Items from a data source:
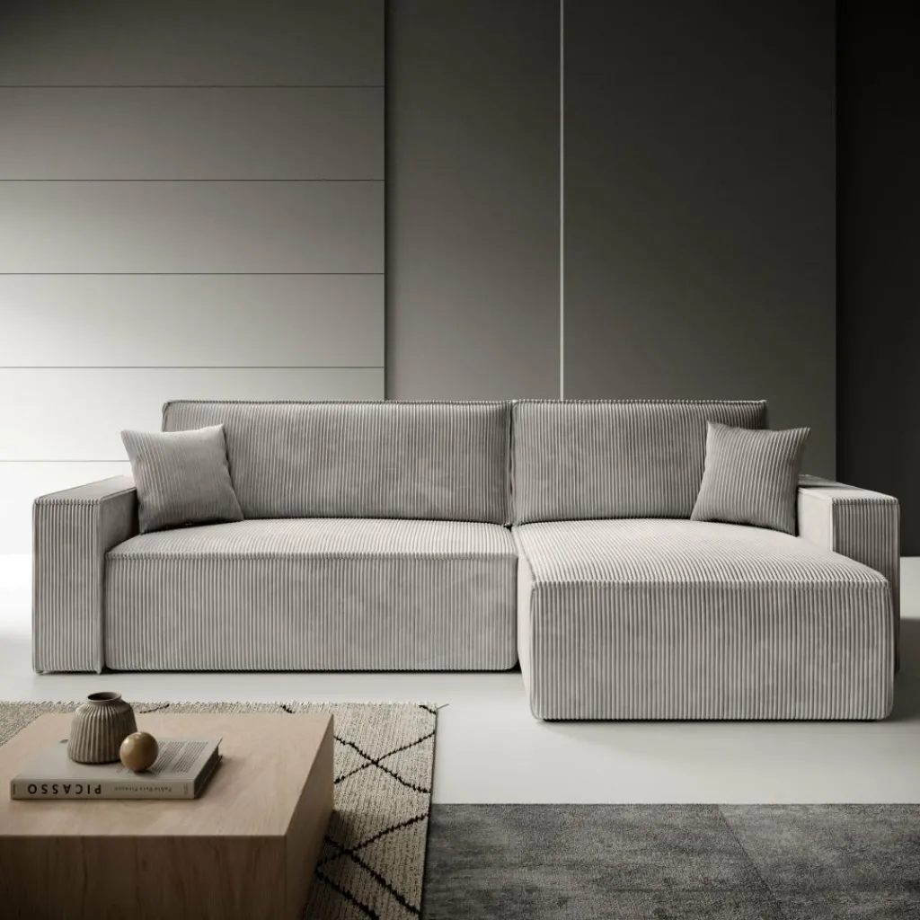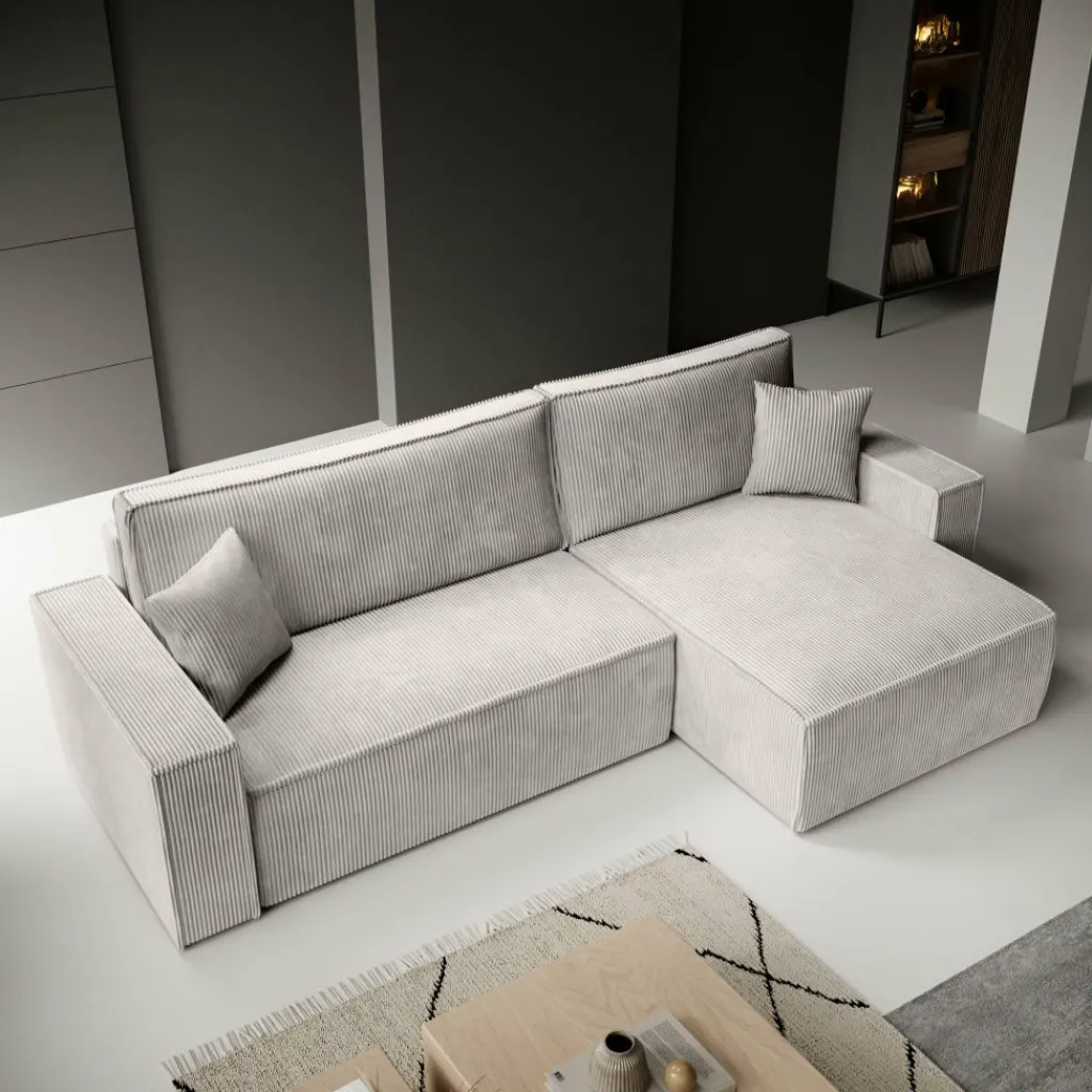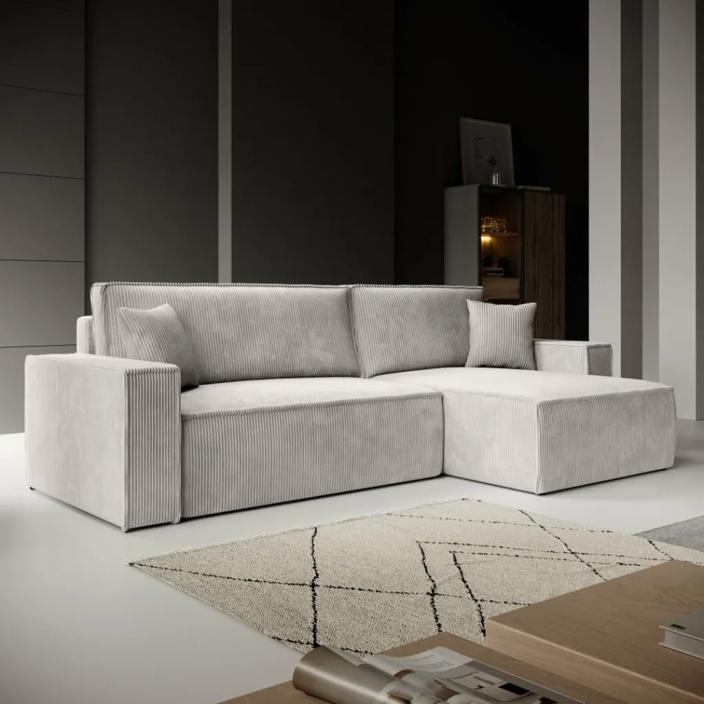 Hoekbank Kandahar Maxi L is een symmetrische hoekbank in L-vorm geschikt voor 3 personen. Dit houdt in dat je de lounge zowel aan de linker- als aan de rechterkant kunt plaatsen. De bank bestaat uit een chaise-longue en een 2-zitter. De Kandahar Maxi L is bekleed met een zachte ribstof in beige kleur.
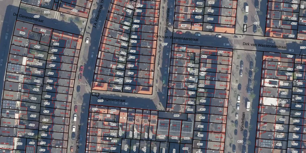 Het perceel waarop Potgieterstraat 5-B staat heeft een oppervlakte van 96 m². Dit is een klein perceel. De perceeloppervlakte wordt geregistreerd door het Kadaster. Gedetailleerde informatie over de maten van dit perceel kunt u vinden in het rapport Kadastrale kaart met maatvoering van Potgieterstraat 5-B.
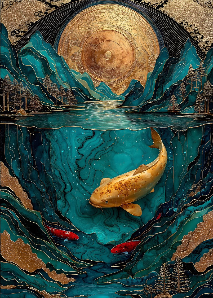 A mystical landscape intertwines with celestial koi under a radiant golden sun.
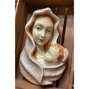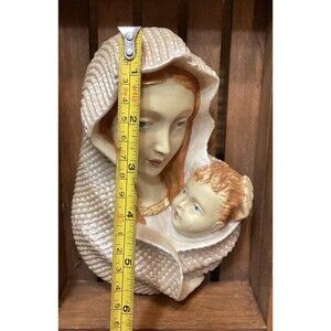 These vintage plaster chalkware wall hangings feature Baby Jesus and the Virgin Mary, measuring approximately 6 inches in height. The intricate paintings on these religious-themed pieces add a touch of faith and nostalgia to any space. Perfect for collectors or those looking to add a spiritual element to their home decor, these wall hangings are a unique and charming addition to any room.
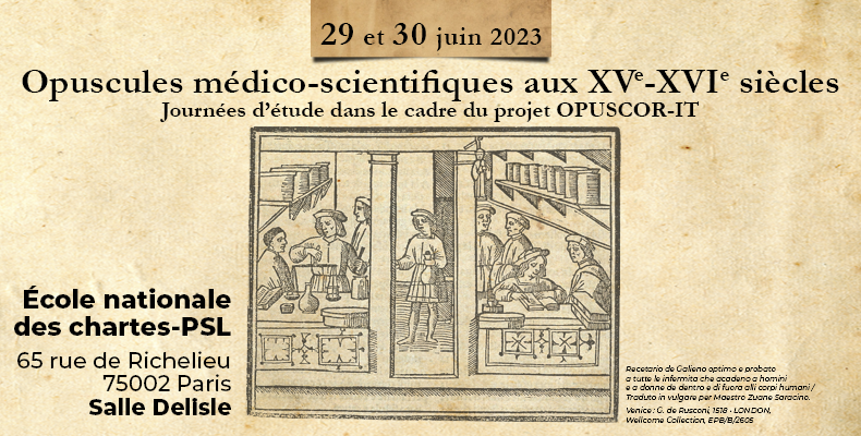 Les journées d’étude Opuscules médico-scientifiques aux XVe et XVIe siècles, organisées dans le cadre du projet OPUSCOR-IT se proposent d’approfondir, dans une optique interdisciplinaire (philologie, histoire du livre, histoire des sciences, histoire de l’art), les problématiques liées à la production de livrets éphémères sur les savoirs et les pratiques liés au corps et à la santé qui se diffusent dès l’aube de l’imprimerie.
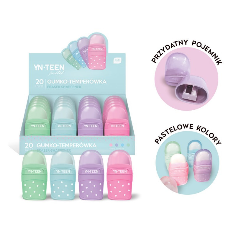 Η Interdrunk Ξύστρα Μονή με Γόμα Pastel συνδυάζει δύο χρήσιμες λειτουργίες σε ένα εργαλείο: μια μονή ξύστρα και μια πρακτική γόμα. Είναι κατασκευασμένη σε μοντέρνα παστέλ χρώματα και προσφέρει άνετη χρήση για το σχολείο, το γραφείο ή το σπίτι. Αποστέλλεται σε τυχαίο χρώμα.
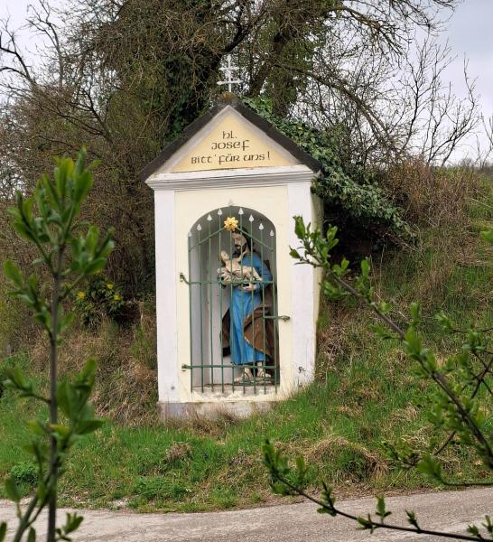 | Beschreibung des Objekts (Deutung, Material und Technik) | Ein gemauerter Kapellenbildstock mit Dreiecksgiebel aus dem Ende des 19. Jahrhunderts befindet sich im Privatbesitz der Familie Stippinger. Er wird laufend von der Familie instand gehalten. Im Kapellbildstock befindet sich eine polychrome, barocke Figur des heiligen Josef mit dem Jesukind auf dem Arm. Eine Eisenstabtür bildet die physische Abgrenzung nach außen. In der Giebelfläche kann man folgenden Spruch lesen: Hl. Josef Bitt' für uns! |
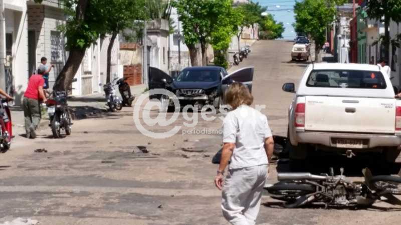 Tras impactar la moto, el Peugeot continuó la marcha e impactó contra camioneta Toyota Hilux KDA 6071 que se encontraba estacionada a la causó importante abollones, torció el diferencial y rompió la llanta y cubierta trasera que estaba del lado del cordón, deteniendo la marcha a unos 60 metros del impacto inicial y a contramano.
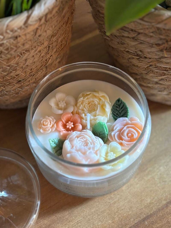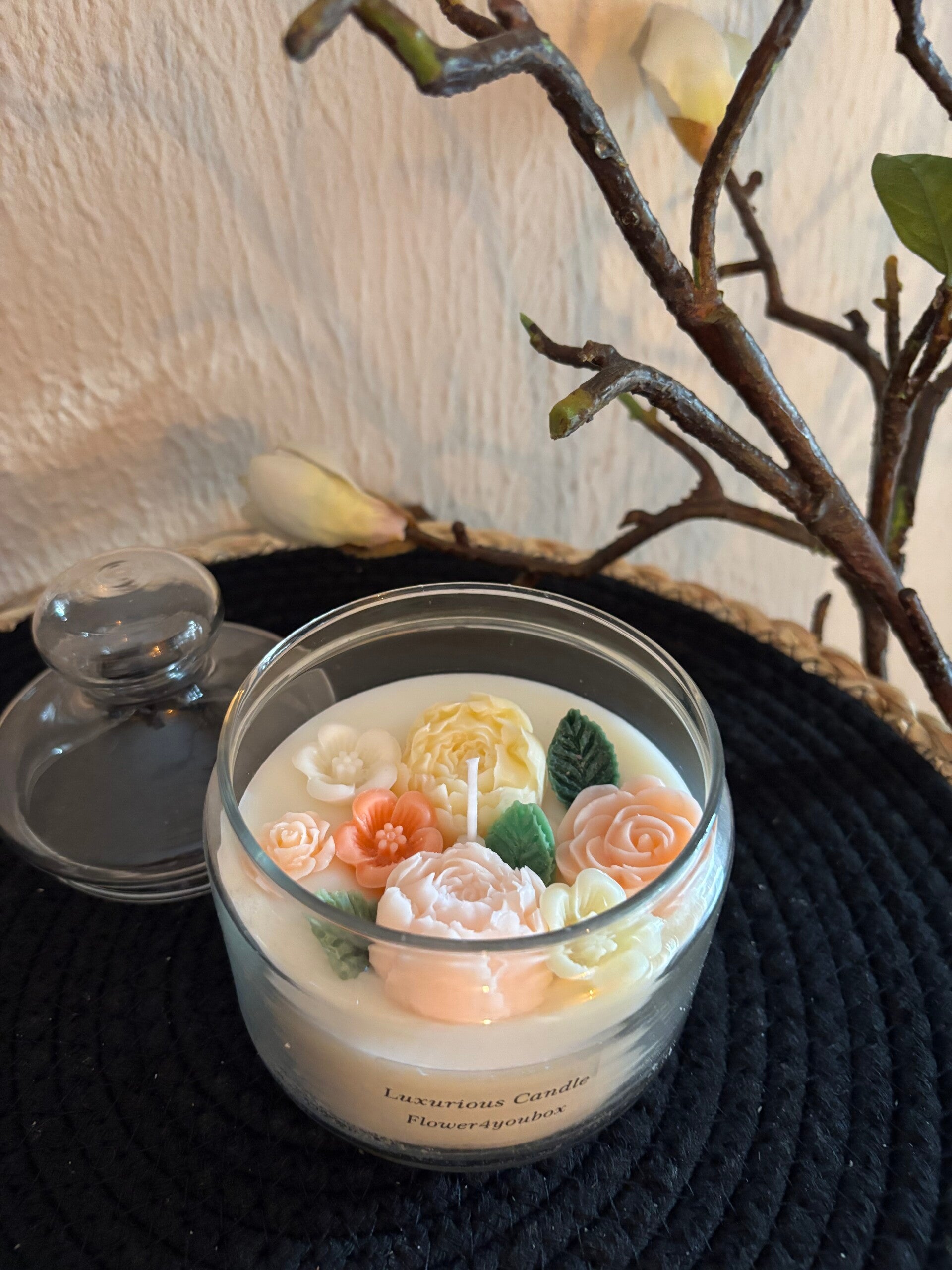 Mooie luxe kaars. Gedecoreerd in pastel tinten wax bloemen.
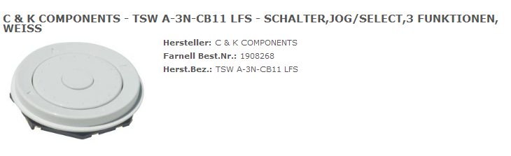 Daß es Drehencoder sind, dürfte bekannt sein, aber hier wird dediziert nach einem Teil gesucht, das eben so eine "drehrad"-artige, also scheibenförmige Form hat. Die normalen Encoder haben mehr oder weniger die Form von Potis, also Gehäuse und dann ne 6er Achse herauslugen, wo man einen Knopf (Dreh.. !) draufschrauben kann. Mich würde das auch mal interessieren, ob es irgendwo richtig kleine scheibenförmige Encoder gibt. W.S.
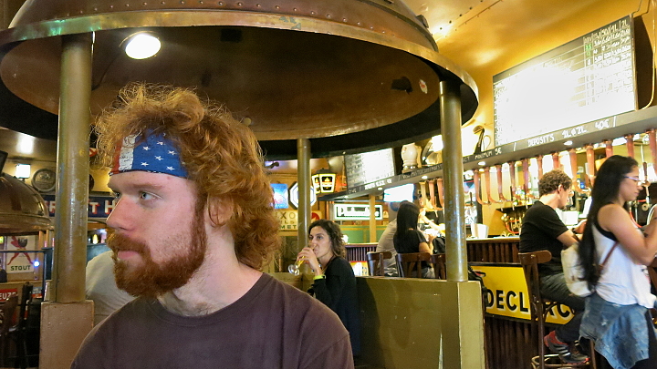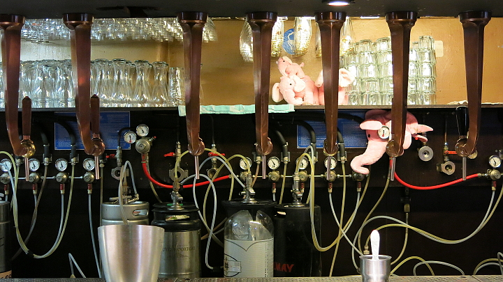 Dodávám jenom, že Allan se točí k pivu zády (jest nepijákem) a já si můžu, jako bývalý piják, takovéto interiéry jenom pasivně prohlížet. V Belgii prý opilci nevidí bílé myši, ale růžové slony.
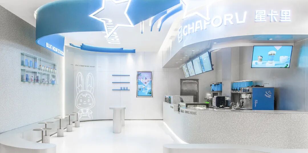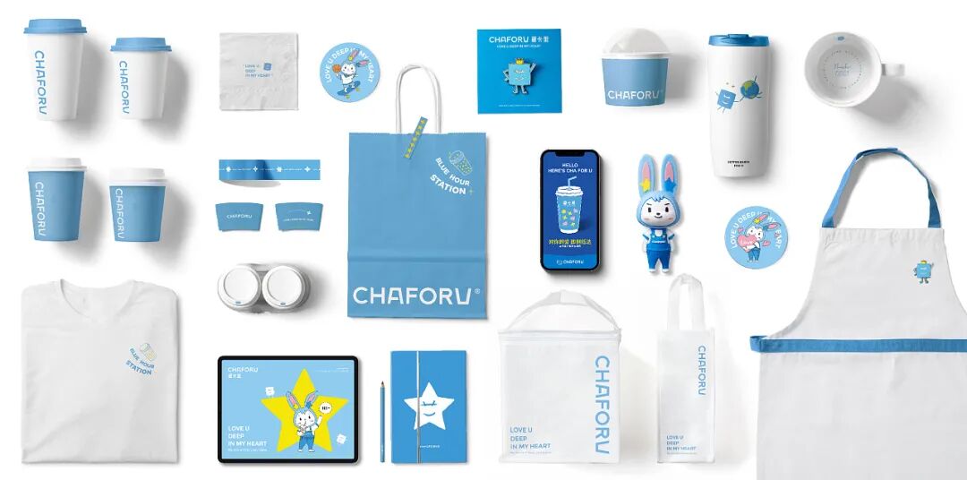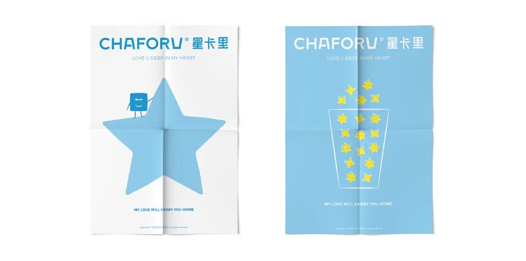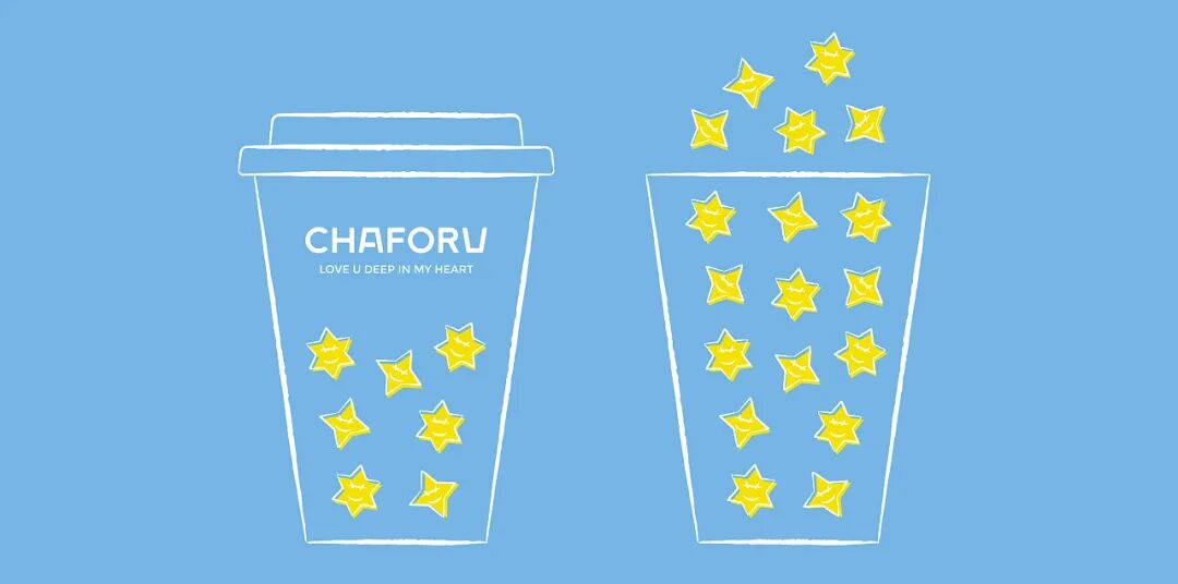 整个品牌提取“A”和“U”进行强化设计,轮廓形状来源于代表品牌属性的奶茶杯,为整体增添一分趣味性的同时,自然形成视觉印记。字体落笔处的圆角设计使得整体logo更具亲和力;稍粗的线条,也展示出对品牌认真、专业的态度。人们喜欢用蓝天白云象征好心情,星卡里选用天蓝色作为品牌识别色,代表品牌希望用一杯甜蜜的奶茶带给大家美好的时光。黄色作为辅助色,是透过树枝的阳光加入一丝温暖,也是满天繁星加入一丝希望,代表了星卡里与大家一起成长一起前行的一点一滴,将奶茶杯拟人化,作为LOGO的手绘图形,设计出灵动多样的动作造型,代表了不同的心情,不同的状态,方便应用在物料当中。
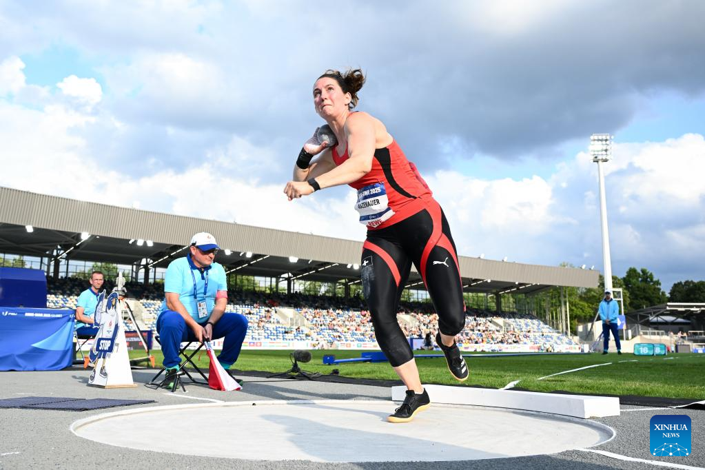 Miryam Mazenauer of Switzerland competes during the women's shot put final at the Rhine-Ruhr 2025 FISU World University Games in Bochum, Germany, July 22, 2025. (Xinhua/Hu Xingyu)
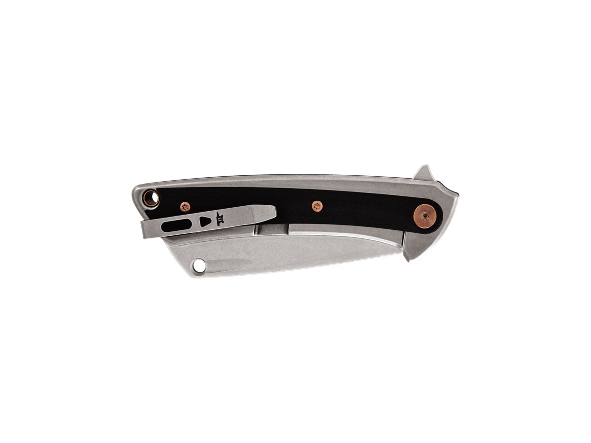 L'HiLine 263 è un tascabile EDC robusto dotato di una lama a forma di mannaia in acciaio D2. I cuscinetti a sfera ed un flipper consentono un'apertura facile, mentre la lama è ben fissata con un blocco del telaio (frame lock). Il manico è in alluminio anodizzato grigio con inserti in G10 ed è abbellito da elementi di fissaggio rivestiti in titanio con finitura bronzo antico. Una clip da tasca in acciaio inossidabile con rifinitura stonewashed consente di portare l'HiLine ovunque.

## TASK TO CARRY OUT
Letter for letter, reproduce every record above and skip the pictures.

## EXERCISE RESPONSE
 Hoekbank Kandahar Maxi L is een symmetrische hoekbank in L-vorm geschikt voor 3 personen. Dit houdt in dat je de lounge zowel aan de linker- als aan de rechterkant kunt plaatsen. De bank bestaat uit een chaise-longue en een 2-zitter. De Kandahar Maxi L is bekleed met een zachte ribstof in beige kleur.
 Het perceel waarop Potgieterstraat 5-B staat heeft een oppervlakte van 96 m². Dit is een klein perceel. De perceeloppervlakte wordt geregistreerd door het Kadaster. Gedetailleerde informatie over de maten van dit perceel kunt u vinden in het rapport Kadastrale kaart met maatvoering van Potgieterstraat 5-B.
 A mystical landscape intertwines with celestial koi under a radiant golden sun.
 These vintage plaster chalkware wall hangings feature Baby Jesus and the Virgin Mary, measuring approximately 6 inches in height. The intricate paintings on these religious-themed pieces add a touch of faith and nostalgia to any space. Perfect for collectors or those looking to add a spiritual element to their home decor, these wall hangings are a unique and charming addition to any room.
 Les journées d’étude Opuscules médico-scientifiques aux XVe et XVIe siècles, organisées dans le cadre du projet OPUSCOR-IT se proposent d’approfondir, dans une optique interdisciplinaire (philologie, histoire du livre, histoire des sciences, histoire de l’art), les problématiques liées à la production de livrets éphémères sur les savoirs et les pratiques liés au corps et à la santé qui se diffusent dès l’aube de l’imprimerie.
 Η Interdrunk Ξύστρα Μονή με Γόμα Pastel συνδυάζει δύο χρήσιμες λειτουργίες σε ένα εργαλείο: μια μονή ξύστρα και μια πρακτική γόμα. Είναι κατασκευασμένη σε μοντέρνα παστέλ χρώματα και προσφέρει άνετη χρήση για το σχολείο, το γραφείο ή το σπίτι. Αποστέλλεται σε τυχαίο χρώμα.
 | Beschreibung des Objekts (Deutung, Material und Technik) | Ein gemauerter Kapellenbildstock mit Dreiecksgiebel aus dem Ende des 19. Jahrhunderts befindet sich im Privatbesitz der Familie Stippinger. Er wird laufend von der Familie instand gehalten. Im Kapellbildstock befindet sich eine polychrome, barocke Figur des heiligen Josef mit dem Jesukind auf dem Arm. Eine Eisenstabtür bildet die physische Abgrenzung nach außen. In der Giebelfläche kann man folgenden Spruch lesen: Hl. Josef Bitt' für uns! |
 Tras impactar la moto, el Peugeot continuó la marcha e impactó contra camioneta Toyota Hilux KDA 6071 que se encontraba estacionada a la causó importante abollones, torció el diferencial y rompió la llanta y cubierta trasera que estaba del lado del cordón, deteniendo la marcha a unos 60 metros del impacto inicial y a contramano.
 Mooie luxe kaars. Gedecoreerd in pastel tinten wax bloemen.
 Daß es Drehencoder sind, dürfte bekannt sein, aber hier wird dediziert nach einem Teil gesucht, das eben so eine "drehrad"-artige, also scheibenförmige Form hat. Die normalen Encoder haben mehr oder weniger die Form von Potis, also Gehäuse und dann ne 6er Achse herauslugen, wo man einen Knopf (Dreh.. !) draufschrauben kann. Mich würde das auch mal interessieren, ob es irgendwo richtig kleine scheibenförmige Encoder gibt. W.S.
 Dodávám jenom, že Allan se točí k pivu zády (jest nepijákem) a já si můžu, jako bývalý piják, takovéto interiéry jenom pasivně prohlížet. V Belgii prý opilci nevidí bílé myši, ale růžové slony.
 整个品牌提取“A”和“U”进行强化设计,轮廓形状来源于代表品牌属性的奶茶杯,为整体增添一分趣味性的同时,自然形成视觉印记。字体落笔处的圆角设计使得整体logo更具亲和力;稍粗的线条,也展示出对品牌认真、专业的态度。人们喜欢用蓝天白云象征好心情,星卡里选用天蓝色作为品牌识别色,代表品牌希望用一杯甜蜜的奶茶带给大家美好的时光。黄色作为辅助色,是透过树枝的阳光加入一丝温暖,也是满天繁星加入一丝希望,代表了星卡里与大家一起成长一起前行的一点一滴,将奶茶杯拟人化,作为LOGO的手绘图形,设计出灵动多样的动作造型,代表了不同的心情,不同的状态,方便应用在物料当中。
 Miryam Mazenauer of Switzerland competes during the women's shot put final at the Rhine-Ruhr 2025 FISU World University Games in Bochum, Germany, July 22, 2025. (Xinhua/Hu Xingyu)
 L'HiLine 263 è un tascabile EDC robusto dotato di una lama a forma di mannaia in acciaio D2. I cuscinetti a sfera ed un flipper consentono un'apertura facile, mentre la lama è ben fissata con un blocco del telaio (frame lock). Il manico è in alluminio anodizzato grigio con inserti in G10 ed è abbellito da elementi di fissaggio rivestiti in titanio con finitura bronzo antico. Una clip da tasca in acciaio inossidabile con rifinitura stonewashed consente di portare l'HiLine ovunque.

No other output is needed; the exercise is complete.